Love that moves the mice and other dirty souls by Annapaola Paparo

Love that moves the mice and other dirty souls by Annapaola Paparo

 

Love that moves the mice and other dirty souls

Some of them came through the fireplace. One night, I heard the metallic noise of their tiny claws as they ran up and down the pipes. How gruesome, to lie in bed, knowing they are so close. They couldn’t harm us, we knew that; still, a part of us squirmed at the thought of them. Like a residue of ancient fear imprinted on a fragment of our DNA.

It started with just one: I saw it out of the corner of my eye, and then it was running on the carpet. I could feel that the little thing was aware of me too. It moved very fast – would I be able to keep the same pace if I were that little? – until it was absorbed by a hole in the wall, which we promptly plastered. But then, several other cracks like little mouths started to show everywhere, even on the tiles in the bathroom.

My husband Lorenz named them with the name we both remembered. Although, after being named, the hideous things wouldn’t leave us alone. Not even for five minutes. Soon there weren’t just a few but many of them fretting around – in awe of us like we were of them.

We found the Pest Control number in the Phone Book, but when Lorenz phoned they put him through to an automated message:

‘There are no pests in this reality. There can’t be.’ Said the seraphic voice, as matter-of-fact as my dentist’s answering machine over the weekend, one lifetime ago.

The pretend phone number did not surprise me. Pretending was the lifestyle there. There were pretend restaurants, with pretend tables, chairs, silver cutlery and candles. Pretend bars, where some got drunk at the mere sight of a label on a bottle. There were pretend beaches and pretend swimming pools with pretend water. Without mentioning all the pretending between us, inside and outside the households.

I felt Lorenz becoming tense next to me. I could picture him standing there, the phone receiver pressed against his ear.

‘Are you ok, love?’ I asked.

He gave me the phone receiver.

‘The mice you see are inside yourself, not outside,’ went on the automated voice.

I felt myself blushing at the remark, and I knew - when you love someone, you know all about them - that Lorenz was feeling the same.

 At that very moment, Ronald showed up at the door. He didn’t look good: his supposed head was wrapped in a white bandage.

‘Can’t you knock?’ asked Lorenz.

‘Sorry, I always forget,’ the neighbour answered. ‘Guess what? The hospital number is a pretend number.’

 Lorenz stood in front of him, arms crossed. ‘Why would you need to phone the hospital, Ronald?’

‘Because I’ve hurt my head badly, can’t you see?’

‘Yes of course,’ Lorenz sighed. ‘But you don’t have a head. You can’t crack your head open if you don’t have one.’

‘If that’s the case,’ said Roland, ‘I guess you, Liza, don’t have those flamingo legs either, and you, Lorenz, those wild locks.’

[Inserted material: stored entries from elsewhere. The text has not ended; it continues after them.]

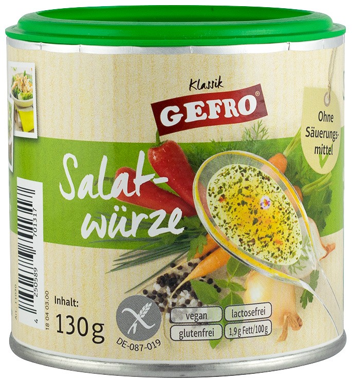Mod de preparare: Folosiți oțet, ulei și apă ca de obicei și adăugați GEFRO condiment pentru salată pentru a adăuga aroma. Variații cu ierburi proaspete, ceapă, smântână sau iaurt.
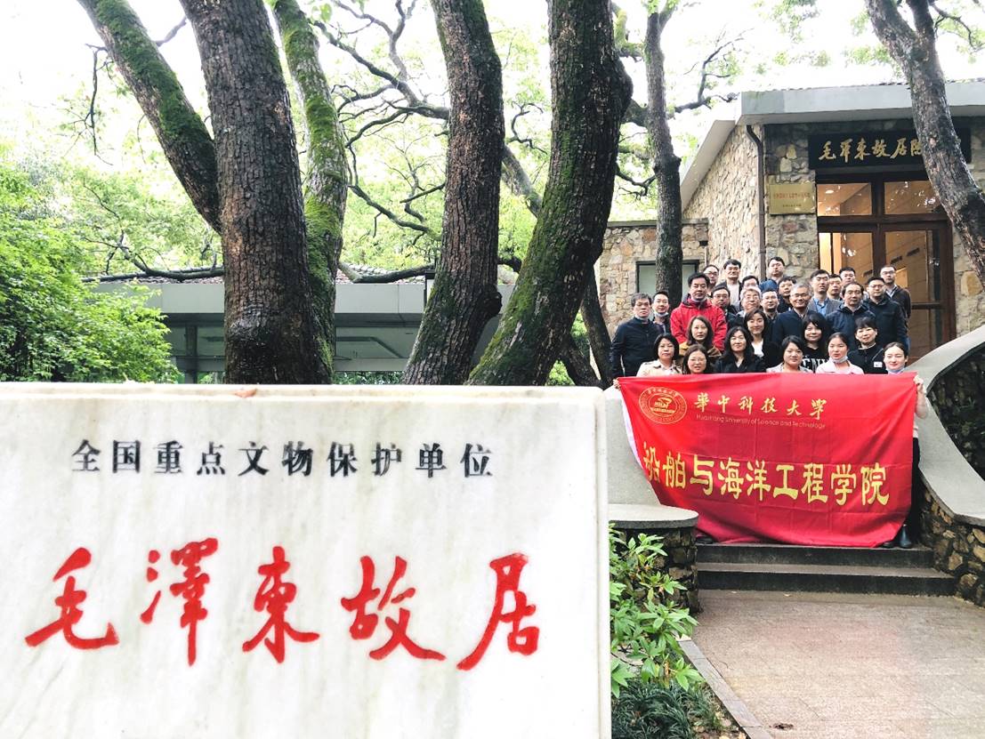 为庆祝中国共产党成立100周年,深入贯彻落实中央和省委部署要求,深化巩固“不忘初心、牢记使命”主题教育成果,2021年4月22日,船海学院组织党支部活动,院领导班子成员带领教工党员同志们参观位于东湖宾馆梅岭一号的毛泽东故居。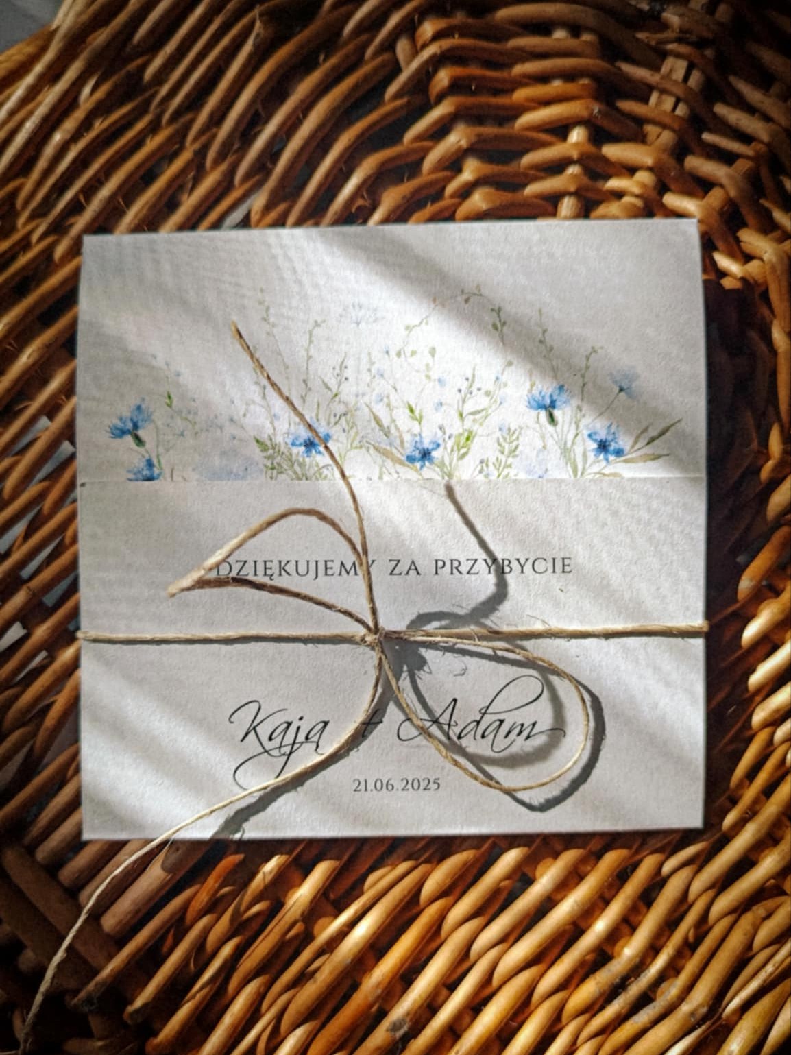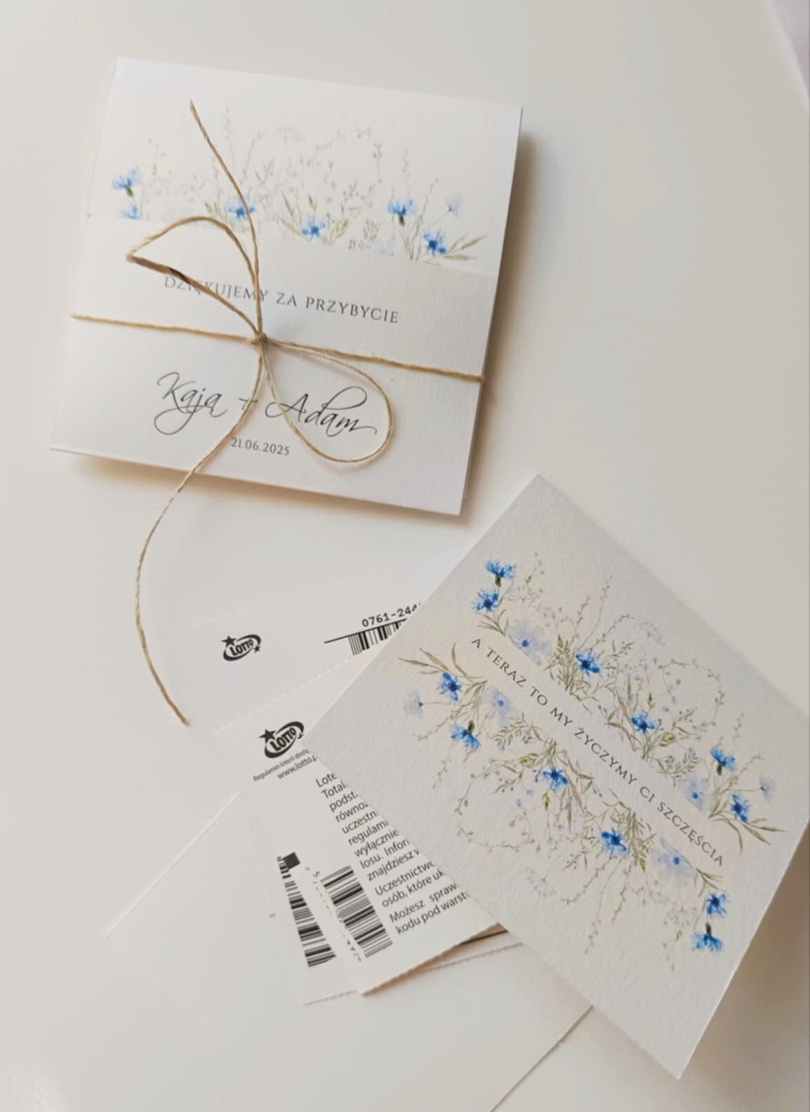 Podaruj swoim gościom wyjątkową pamiątkę z Waszego ślubu! Nasze etui na zdrapki weselne to personalizowany dodatek, który idealnie sprawdzi się jako prezent dla gości weselnych. Wykonane z wysokiej jakości papieru, zdobione delikatną grafiką polnych kwiatów w odcieniach niebieskiego, zawiązane naturalnym sznurkiem – tworzy romantyczny, rustykalny klimat, który doskonale wpisuje się w styl boho i rustykalnym.

 We already had enough on our plate without getting drawn into a ‘tit-for-tat’ conversation. But Roland had no intention of letting it go. As we were all standing on our beautiful carpet, a few furry spots sprinted from one corner to another. I held my breath, whilst Roland went on:

                 ‘If I don’t have a head,’ he carried on, pointing to our feet, ‘then it’s not a Persian carpet, the one we’re standing on, and there isn’t any Japanese print stack all over the walls.’ Roland was so pleased with himself, that proceeded to take his shoes and socks off. This was quite the norm, since he’d come to us every day with one excuse or the other, and would not leave for hours.

 Lorenz and I were proud of our home, or what we imagined it to be like. We were harmless in our fantasy of an elegant and refined love nest. And it wasn’t as though we were going around pestering people, crying over a broken head that couldn’t be.

‘Who are you phoning?’ asked Ronald.

Lorenz made the phone disappear promptly.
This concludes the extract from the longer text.